Movie Review: 'Wheelman' (2017)

Wheelman Frank Grillo Netflix
Get ready for some high-speed excitement in writer/director Jeremy Rush's vehicular thriller. Taking place within the span of a solitary evening and mostly inside a hot rod, “Wheelman” follows its eponymous central character through a night that never slams on the breaks. Wheelman (Frank Grillo) is a getaway driver, who has been hired to pick up and speed away with a pair of bank robbers after they complete their latest burglary.

While waiting for them to finish their heist, he receives an ominous call from a stranger claiming he has been betrayed and is in imminent danger from the thieves. Urged to flee the scene and abandon them, Wheelman has a choice to make, and it sends him down a rough road.

As a film, “Wheelman” drives through the familiar terrain of three films. Michael Mann’s 1981 classic “Thief," which features a storyline that twists around the traditional paradigm of “honor among thieves.”

The 2002 film “Phone Booth,” which also finds its lead character dealing with threats from an unknown caller. Lastly, there is 2013's “Locke,” wherein a lone driver must sift through a set of precarious personal issues via numerous phone calls in the car.

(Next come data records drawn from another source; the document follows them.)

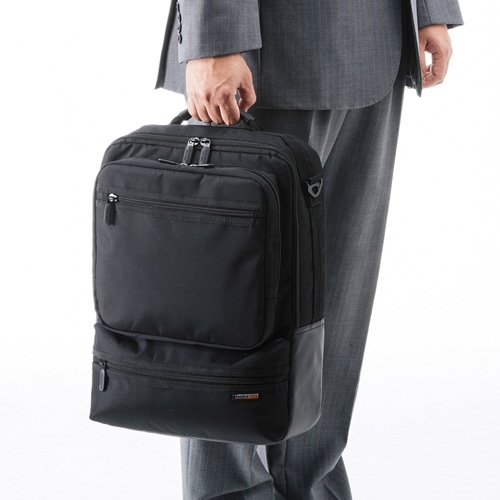 ●メーカー…サンワサプライ●型番…BAG-3WAY23BK●サイズ(W×D×H)mm…315×140×420●重量(kg)…0.86●PC収納…15.6インチワイドまで●タブレット収納…10.1インチまで●材質…ポリエステル●カラー…ブラック●リュック、ショルダー、手提げの軽量3WAYビジネスバッグです。●底と側面には水や汚れに強いコーティング生地を採用しています。●パソコンは厚手のクッションポケットに収納します。●タブレットポケットも装備しています。●参考在庫数・商品詳細・サイズ情報はメーカー(参考)URLからもご確認いただけます。 ●最小出荷単位: 1
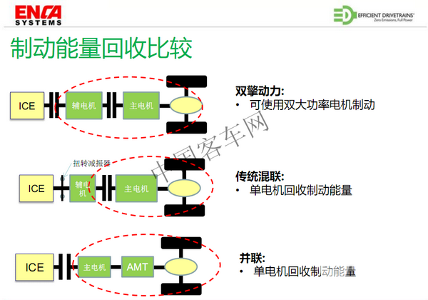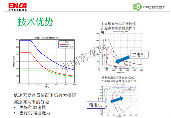 茵卡动力通过2016年的合资,把这项专利技术引进到中国,首先在中国的公交客车行业推广,并且取得了非常大的进步。这项专利技术核心的部分就是双电机双离合器的混合动力系统,顾名思义系统是由两个电机和两个离合器集成的,EDI和茵卡动力分别拥有这项技术在美国和中国的专利权。它的基本的工作逻辑就是在开始的时候由主电机以纯电动模式来驱动车辆,当车辆都达到一定车速的时候,发动机启动并直接驱动车辆。辅助电机的主要作用有三个,一是起动发动机,二是发电,再一个就是可以单独的或者配合发动机或主电机一起驱动车辆。专利技术的特点是这两个电机由两个离合器来连接,所以说这两个电机输出扭矩可以相互叠加,特别是在一些特殊的工况,需要大扭矩输出的情况下,这个系统就可以打开发动机端的离合器,闭合双电机之间的离合器,从而提供两个电机叠加在一起的更大的扭矩输出,可以达到更高的爬坡性能要求。
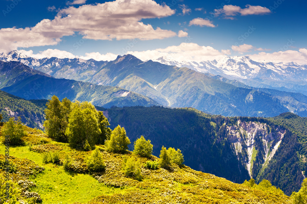 Splendid landscape in Val Gardena on a sunny day. Location place Dolomite, Italy, Europe.
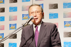 披露会では、スカパーJSATホールディングス 代表取締役社長 高田真治氏が登壇。「2012年頃から放送業界で4Kが話題になりはじめた。衛星が一番早く4Kに対応できるのではと考え実験を行い、2012年11月にJリーグの生中継を行い、4Kの伝送と制作ができる手応えを感じた。2014年に日本で4K試験放送が始まったが、私どもの取り組みがそのトリガーになったのではないかと自負している」と、これまでの活動について触れた。
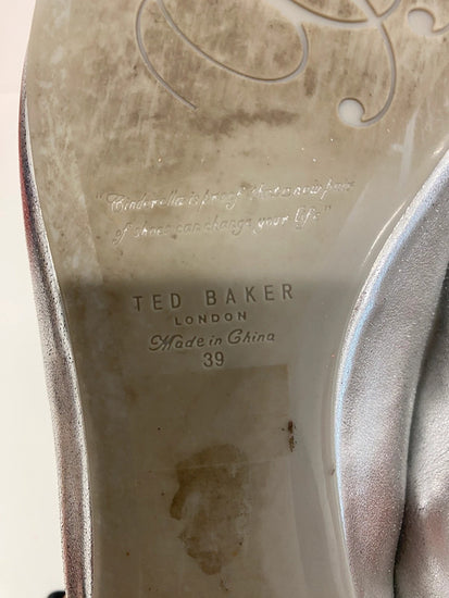 Fabulous Ted Baker Silver Bow Accent Coquette Ballet Flats UK6 MW001
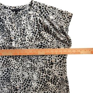 Elevate your wardrobe with this stylish Banana Republic short sleeve dolman blouse in a chic animal spot print. Featuring neutral tones of black, tan, and cream, this lightweight top is perfect for work, casual outings, or layering under a blazer. Sott and breathable 100% polyester with a flattering relaxed fit.
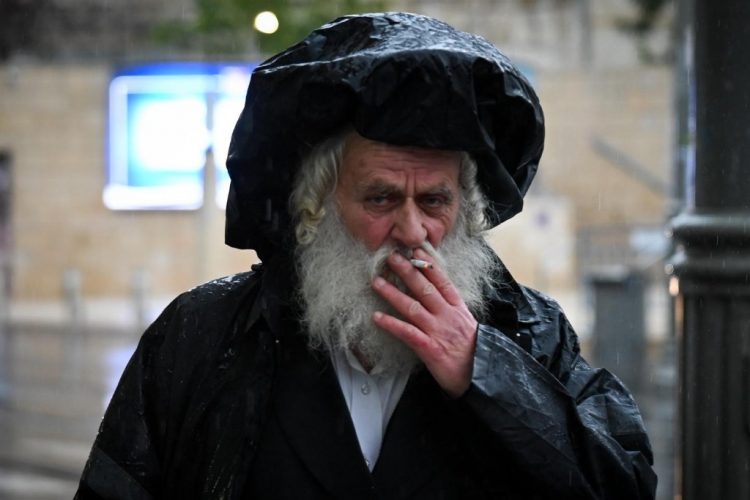 Jerusalem, 13 January, 2026 (TPS-IL) -- Heavy winter rain didn’t stop an Israeli man from dragging a cigarette in downtown Jerusalem on Jan. 13, 2026. Photo by Yoav Dudkevitch/TPS-IL
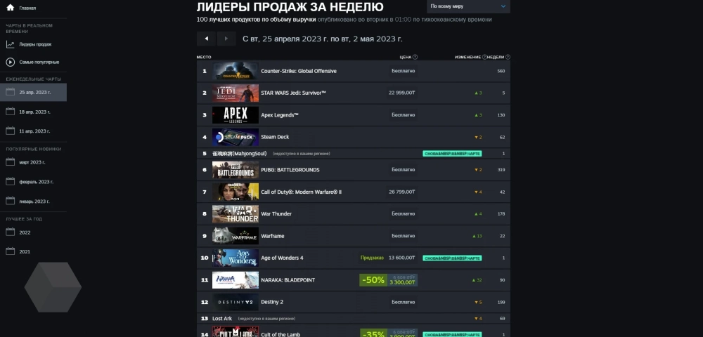 Чарт Steam с 25 апреля по 2 мая (топ 10):
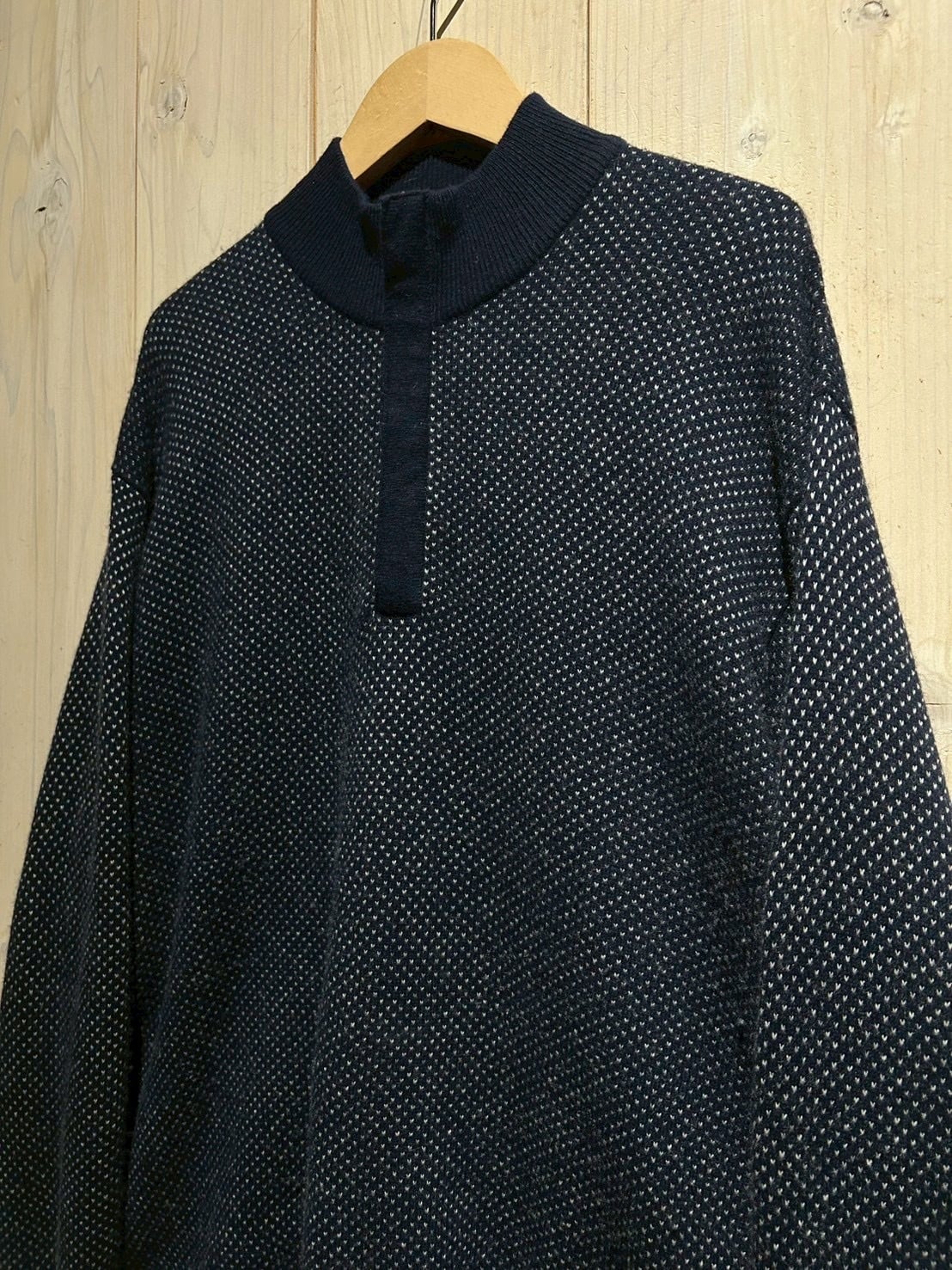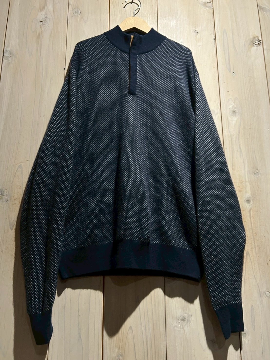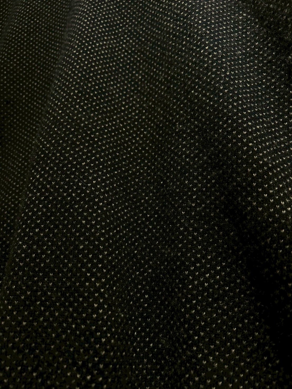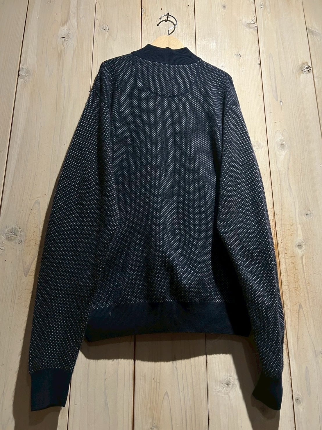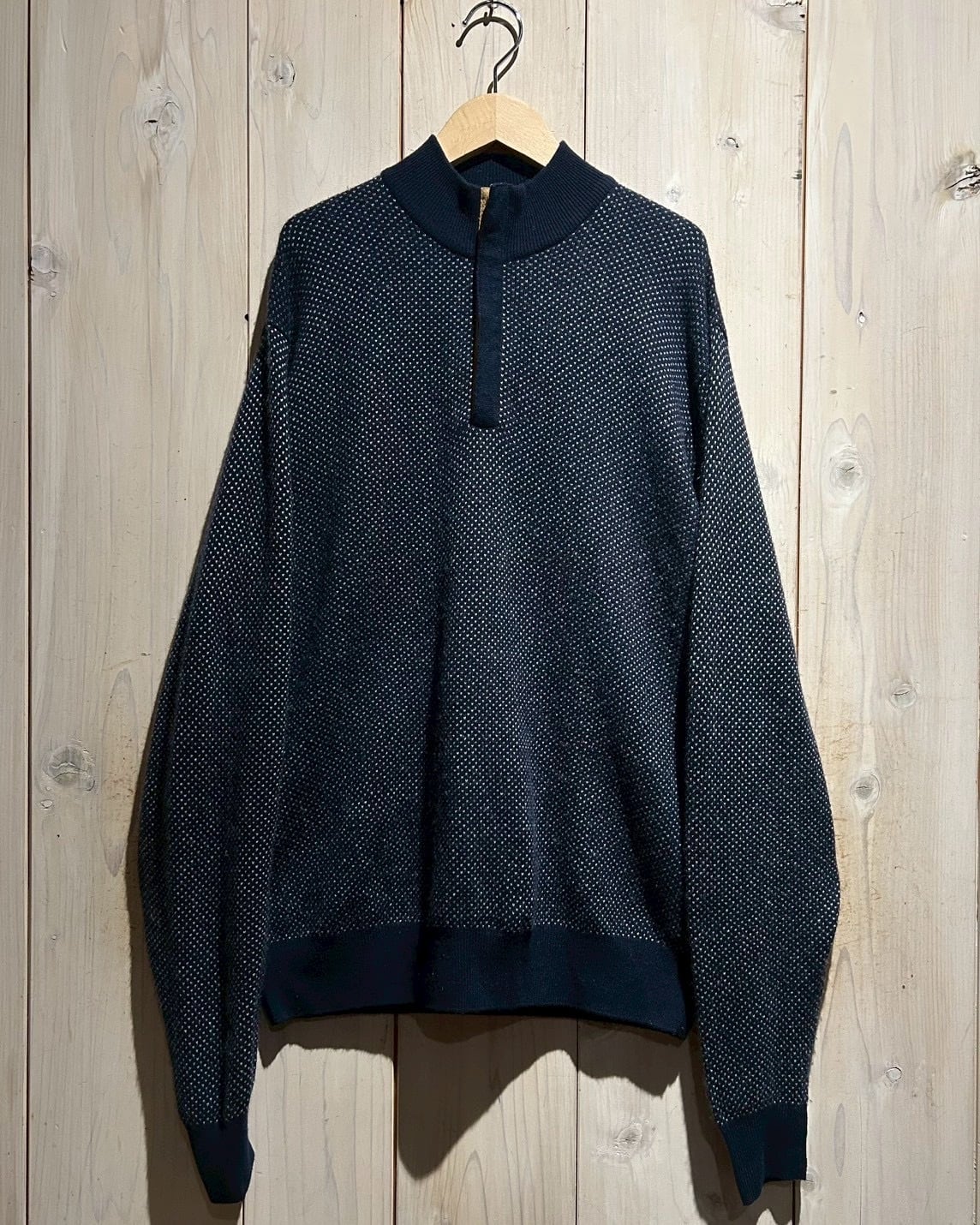 細かなドットが連なるバーズアイパターンを全面に配したニット。一見すると落ち着いたネイビートーンながら、近くで見るほどに奥行きが増し、静かな存在感を放ちます。

Unlike the title character in the savvy Tom Hardy starrer, Wheelman interacts with other characters in the flesh. While in another variance, Grillo's Wheelman is plagued by the machinations of his unruly 13-year-old daughter, Katie (a terrific Caitlin Carmichael), whose disrespectful attitude towards her father is appalling to behold.

The movie does not appear to judge Katie, as her dad overlooks her horrendous behavior due to the harrowing circumstances he finds himself in. It also helps that she can leverage his guilt over his criminal career and the impact it has had on her.

Know-it-all teens are a huge gamble for any thriller to take because their arrogant demeanor drags down a genre film's momentum. Take, for example, the recent “Jack Reacher” sequel, which saw a similarly disrespectful teen undermine that film’s titular lead. It is a decision that draws down the film’s fuel as a thriller and distracts the central character from expressing the confidence they should consistently exude.

In the case of “Wheelman,” the inclusion of Katie's character is a more natural fit for the story. With so many adjacent movies to contend with, it is all the more impressive that “Wheelman” manages to carve out some refreshing nuances that set it apart from each of these films mentioned above.

For instance, the film's documentary-style cinematography is craftily intimate, without crossing realistic bounds. It is this voyeuristic approach that makes the film bite with an intense manner of suspense.

Frank Grillo’s raw performance as the title character is another one of the aspects that make “Wheelman” particularly special, as Grillo ramps up the intrigue surrounding an enigmatic character pushed to the brink. It’s a performance that vigorously syncs with the film’s tonality while taking it to new heights.

Likewise, Garret Dillahunt gives another memorable turn as Clayton, the guy who set up Wheelman’s fateful gig. As he has been in so many other performances, Dillahunt is a scene-stealer, whose turn begs for more screen time than he gets.

“Wheelman” opts for a messy and downright graphic realism that makes its "anything-can-happen" atmosphere, nail-bitingly horrifying. A smooth thriller that arrives at its destination without hitting any major speed bumps, “Wheelman” is as compelling navigating its straight-aways, as it is its winding roads.

Rating: 7.5/10


“Wheelman” is currently streaming on Netflix.